» **Task directions**: Reproduce the data below exactly. Skip the pictures.

Saved entries:
────────

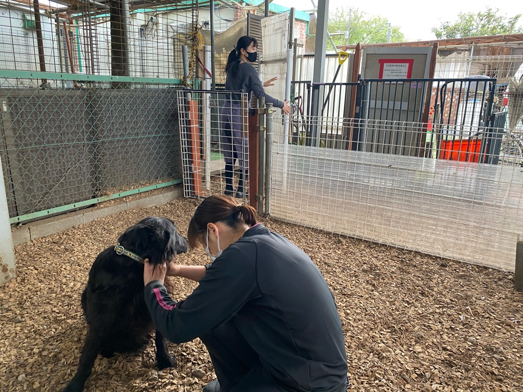 広いランに出られた犬達は最初は驚き戸惑います、
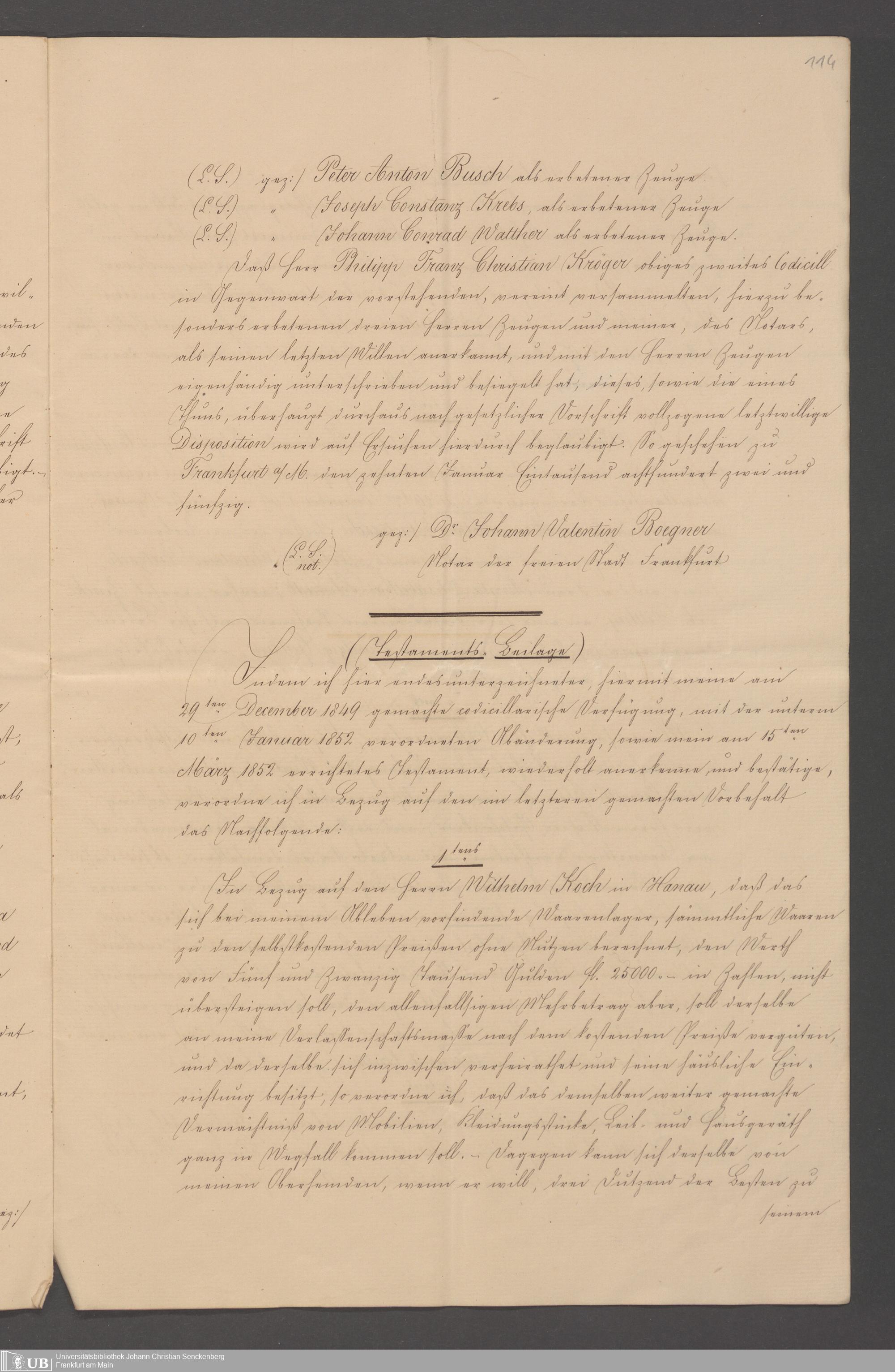 B 5 Dr. Senckenbergische Stiftung, 100 - Testament Philipp Franz Christian Kröger
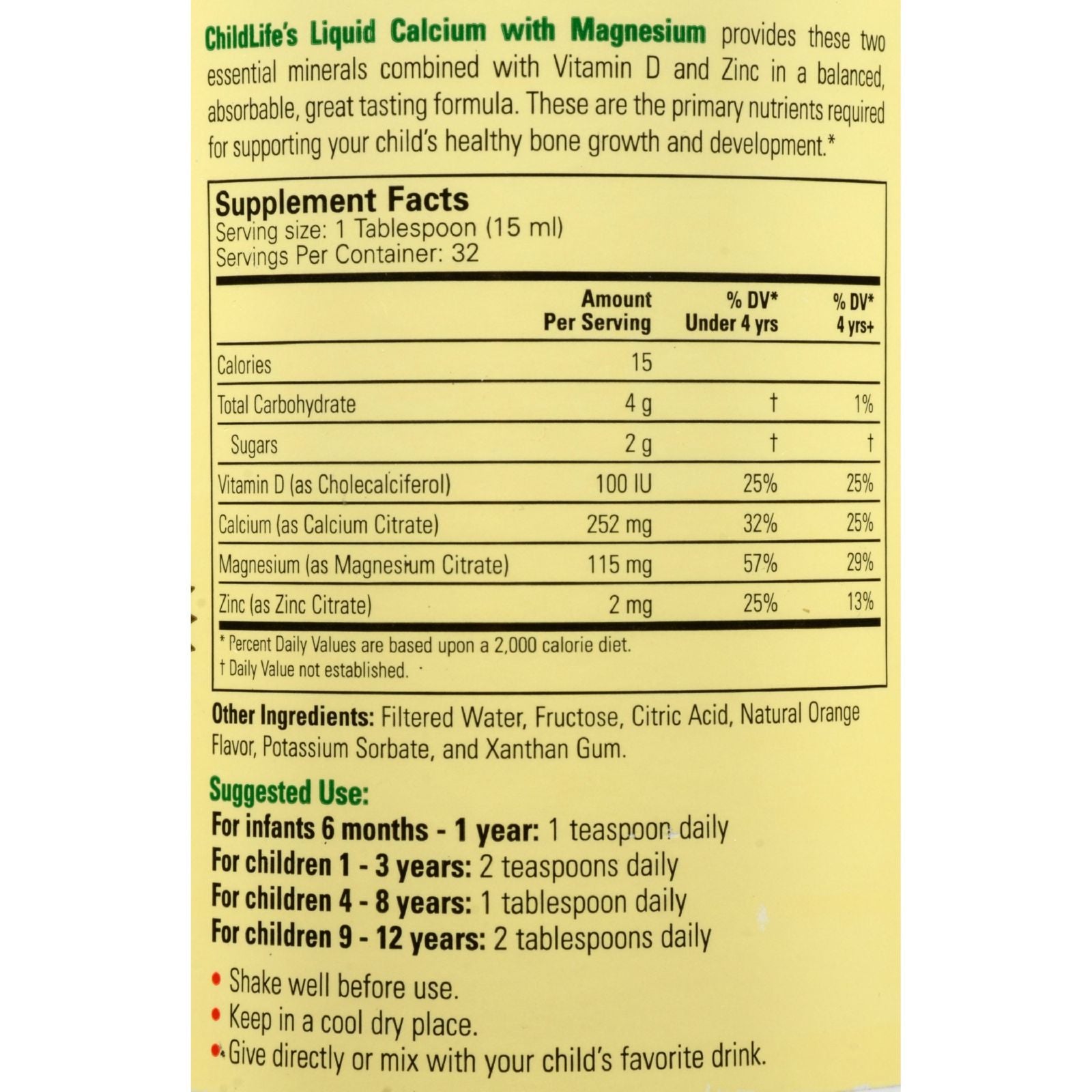 CHILD LIFE ESSENTIALS, LIQUID CALCIUM, ORANGE WITH MAGNESIUM IS RECOMMENDED FOR CHILDREN. THIS PRODUCT USES ONLY THE HIGHEST QUALITY INGREDIENTS, IS CASEIN FREE AND CONTAINS NO ALCOHOL. CHILD LIFE ESSENTIALS, LIQUID CALCIUM, ORANGE WITH MAGNESIUM IS GLUTEN-FREE AND DOES NOT CONTAIN MILK, EGGS, WHEAT, YEAST, OR CORN. THIS PRODUCT DOES NOT HAVE ARTIFICIAL COLORINGS, FLAVORINGS OR SWEETENERS AND COMES IN A 16 FL. OZ. BOTTLE. PLEASE SEE NUTRITIONAL FACTS PANEL FOR POSSIBLE ALLERGENS AND WARNINGS PERTAINING TO CHILD LIFE ESSENTIALS, LIQUID CALCIUM, ORANGE WITH MAGNESIUM.
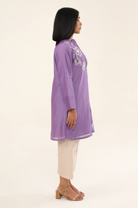 Purple Chanderi Silk, Cotton Applique Collared Flora Bloom Kurta With Pant
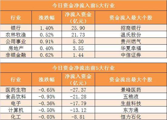 28个申万一级行业中,9个行业实现资金净流入,其中银行业净流入25.9亿元居首。
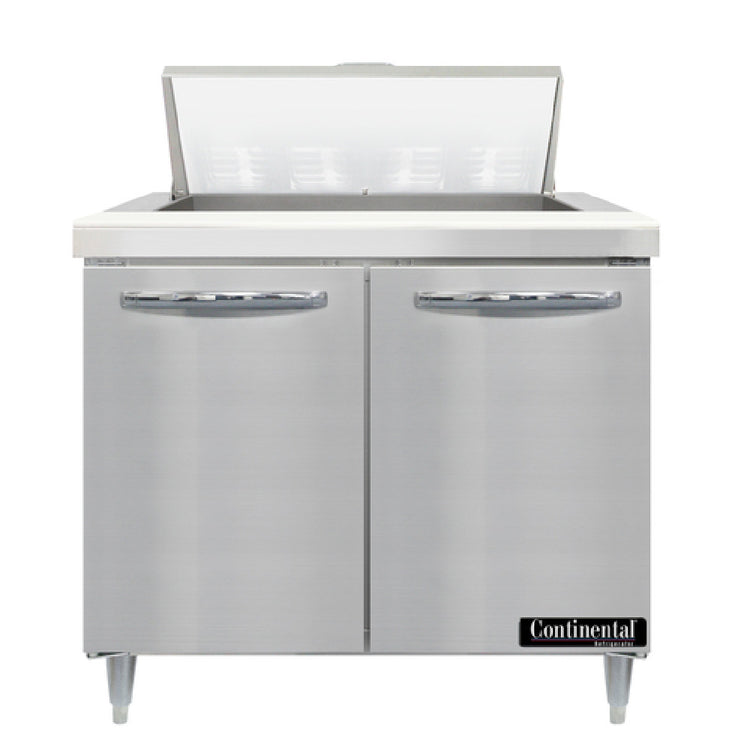 The Continental Refrigerator D36N8 Designer Line Sandwich Unit 36"W Two-section is a versatile refrigeration solution tailored for food service operations requiring efficient sandwich and salad preparation. This unit features a robust stainless steel top, front, sides, and interior, ensuring durability and easy maintenance in high-demand environments. It is equipped with eight 1/6 size pans that are 4" deep, alongside a 12" cutting board, providing ample space for ingredients and preparation tasks. The D36N8's refrigeration system includes a rear mounted self-contained system with a 1/5 hp compressor utilizing environmentally-friendly R290 hydrocarbon refrigerant, ensuring energy efficiency and compliance with modern eco-standards. The automatic hot gas condensate evaporator allows for efficient operation, reducing manual maintenance tasks. Enhanced by an electronic control with a digital display and hi-low alarm, this unit ensures optimal temperature management to preserve food freshness. The two field rehingeable doors provide flexibility in kitchen layout and accessibility, while the 6" adjustable legs contribute to stability and ease of installation. Certified by cETLus and NSF, the D36N8 meets rigorous safety and sanitation standards, making it an ideal choice for restaurants, cafes, and catering services looking for reliable and efficient refrigeration solutions.

────────

» **Result of the task**:
 広いランに出られた犬達は最初は驚き戸惑います、
 B 5 Dr. Senckenbergische Stiftung, 100 - Testament Philipp Franz Christian Kröger
 CHILD LIFE ESSENTIALS, LIQUID CALCIUM, ORANGE WITH MAGNESIUM IS RECOMMENDED FOR CHILDREN. THIS PRODUCT USES ONLY THE HIGHEST QUALITY INGREDIENTS, IS CASEIN FREE AND CONTAINS NO ALCOHOL. CHILD LIFE ESSENTIALS, LIQUID CALCIUM, ORANGE WITH MAGNESIUM IS GLUTEN-FREE AND DOES NOT CONTAIN MILK, EGGS, WHEAT, YEAST, OR CORN. THIS PRODUCT DOES NOT HAVE ARTIFICIAL COLORINGS, FLAVORINGS OR SWEETENERS AND COMES IN A 16 FL. OZ. BOTTLE. PLEASE SEE NUTRITIONAL FACTS PANEL FOR POSSIBLE ALLERGENS AND WARNINGS PERTAINING TO CHILD LIFE ESSENTIALS, LIQUID CALCIUM, ORANGE WITH MAGNESIUM.
 Purple Chanderi Silk, Cotton Applique Collared Flora Bloom Kurta With Pant
 28个申万一级行业中,9个行业实现资金净流入,其中银行业净流入25.9亿元居首。
 The Continental Refrigerator D36N8 Designer Line Sandwich Unit 36"W Two-section is a versatile refrigeration solution tailored for food service operations requiring efficient sandwich and salad preparation. This unit features a robust stainless steel top, front, sides, and interior, ensuring durability and easy maintenance in high-demand environments. It is equipped with eight 1/6 size pans that are 4" deep, alongside a 12" cutting board, providing ample space for ingredients and preparation tasks. The D36N8's refrigeration system includes a rear mounted self-contained system with a 1/5 hp compressor utilizing environmentally-friendly R290 hydrocarbon refrigerant, ensuring energy efficiency and compliance with modern eco-standards. The automatic hot gas condensate evaporator allows for efficient operation, reducing manual maintenance tasks. Enhanced by an electronic control with a digital display and hi-low alarm, this unit ensures optimal temperature management to preserve food freshness. The two field rehingeable doors provide flexibility in kitchen layout and accessibility, while the 6" adjustable legs contribute to stability and ease of installation. Certified by cETLus and NSF, the D36N8 meets rigorous safety and sanitation standards, making it an ideal choice for restaurants, cafes, and catering services looking for reliable and efficient refrigeration solutions.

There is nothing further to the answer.